Implements a toy engine to process transactions from csv. Run with
cargo run -- file.path
├── account.rs # handles deposit, withdraw, etc. operations on client account
├── engine.rs # engine to process transactions line by line
├── transaction.rs # types for transactions with serde deserialisation rules
└── main.rs # reads csv file, passes lines through transaction engine and writes the state of accounts
Here is how I addressed different scoring criteria:
- Basics - cargo test/run/build should run. Used cargo fmt and clippy for formatting.
- Completeness - attempted to support all the mentioned transactions.
- deposit/withdraw/dispute/resolve/chargeback.
- One interesting case not covered here is what happens with a withdrawal that happened between deposit and the dispute of that deposit, such that after dispute there is actually not enough funds for the withdrawal that has already happened.
- See account.rs for some comments and assumptions.
- Correctness - see unit tests in account.rs + there some test files you can try out under assets
- Safety and Robustness - mostly has just panics, but I put TODOs for where I think should be result types and logging
- Efficiency - probably the most lacking aspect. Currently, would likely fail for very large files due to storing transaction history and wouldn't be as quick as solutions processing rows in parallel. I put down some extension ideas that I would consider given more time to address this.
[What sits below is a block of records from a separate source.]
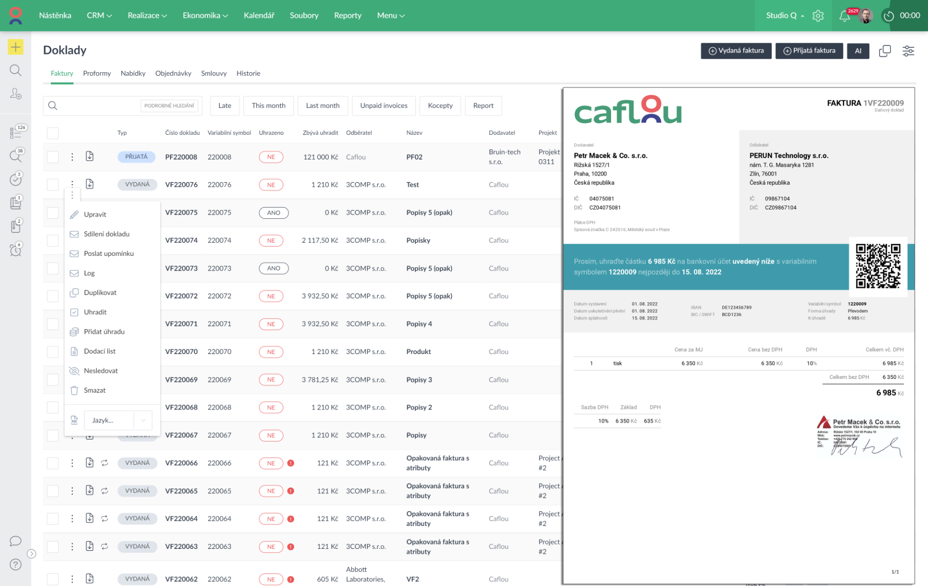 Caflou vám pomůže efektivně řídit celou firmu a její finance. Umožní vám sledovat cash flow i předvídat jeho budoucí vývoj. Zbavíte se rutinní práce, snížíte chybovost, zlepšíte týmovou spolupráci a zvýšíte výkon firmy. Vše na jednom místě. Odkudkoli a za dostupnou cenu.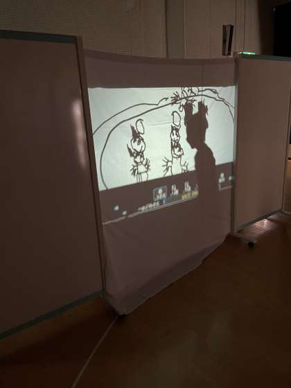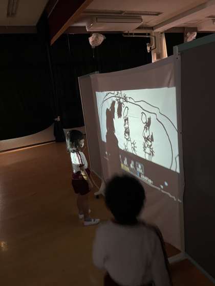 あやめ組が影絵遊びをしていました。かいた絵を映したり、自分の影を映したりして楽しそうでした。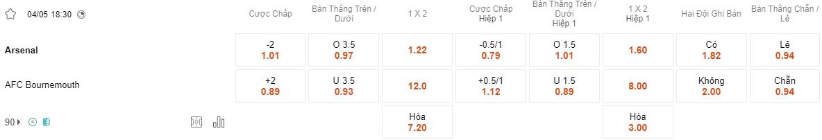 Tỷ lệ kèo Arsenal vs Bournemouth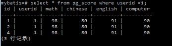 第1个score对象为:id = 1,math = 98,chinese = 80,english = 91,computer = 90, userid = 1,username = yangjianzhou:0,password = password:0,address = password:0第2个score对象为:id = 2,math = 98,chinese = 80,english = 91,computer = 90, userid = 1,username = yangjianzhou:0,password = password:0,address = password:0第3个score对象为:id = 4,math = 98,chinese = 80,english = 91,computer = 90, userid = 1,username = yangjianzhou:0,password = password:0,address = password:0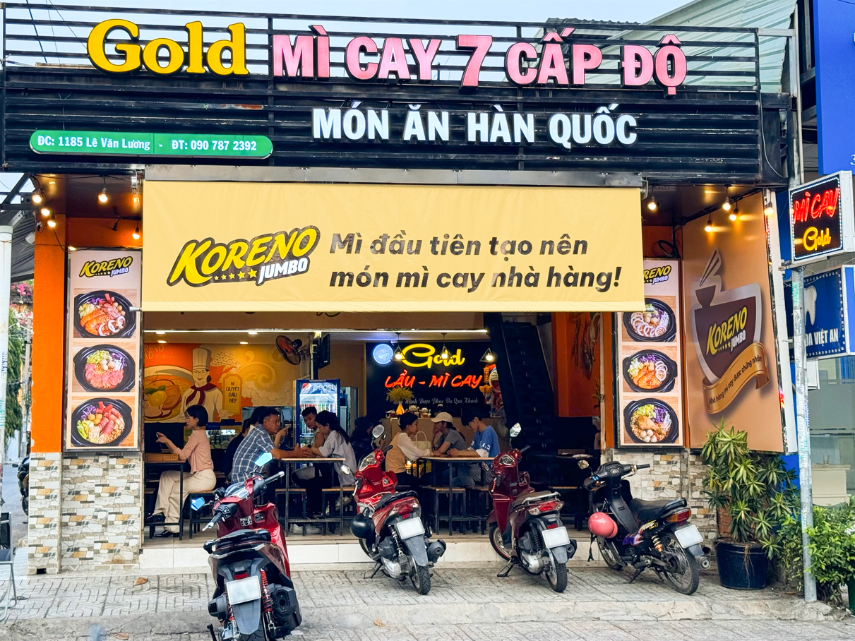 Điểm dừng chân đầu tiên của Koreno Road là quán mì cay Gold, Nhà Bè, TP.HCM, nơi thực khách được thưởng thức mì Koreno Jumbo với sợi mì dai ngon, nước dùng đậm đà chuẩn vị Hàn Quốc.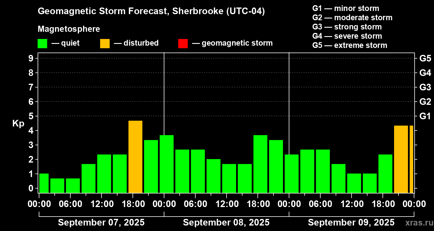 Geomagnetic storm forecast in Sherbrooke for Sep 07, 2025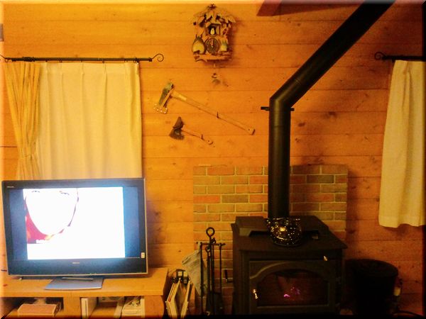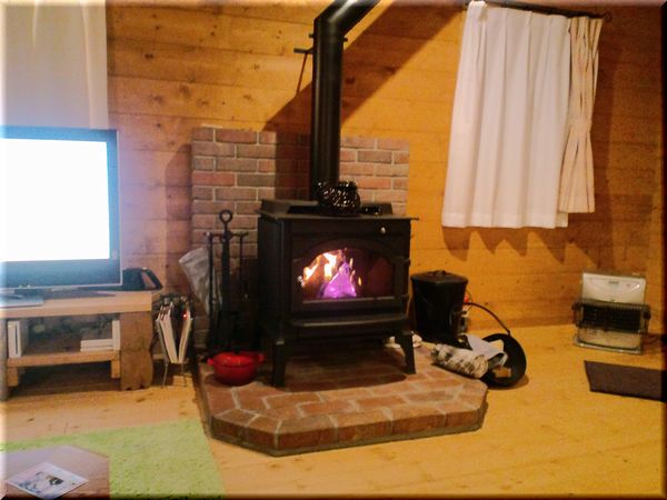 そこで、今日は早く帰ってきたかみさんが薪ストーブに火を入れているではありませんか!

- Maintanability - split into account/engine/transaction + used trait for client account for easier substitution in transaction engine.
Current limitations are:
- To dispute transactions you need to remember what has actually happened in the previous transaction (unless we do more than 1 pass through the transaction file) which is why I have a hashmap for storing the effect of transaction on available funds. It would grow out of proportions for huge files.
- No parallelism.
Hence, some ideas for improvement would be
- Go through transaction in reverse chronological order - if we went through transactions in reverse chronological order would only need to store ids of transaction in dispute/resolve/chargeback, and then when we hit the transaction with the right id apply it as disputed/resolved/chargebacked. Could then avoid storing transaction log as it is done currently.
- Add parallelism - for example, do 2 passes through the file, first an equivalent of groupby to group transaction for a single user together, then could spawn different processes for each user that could write output independently.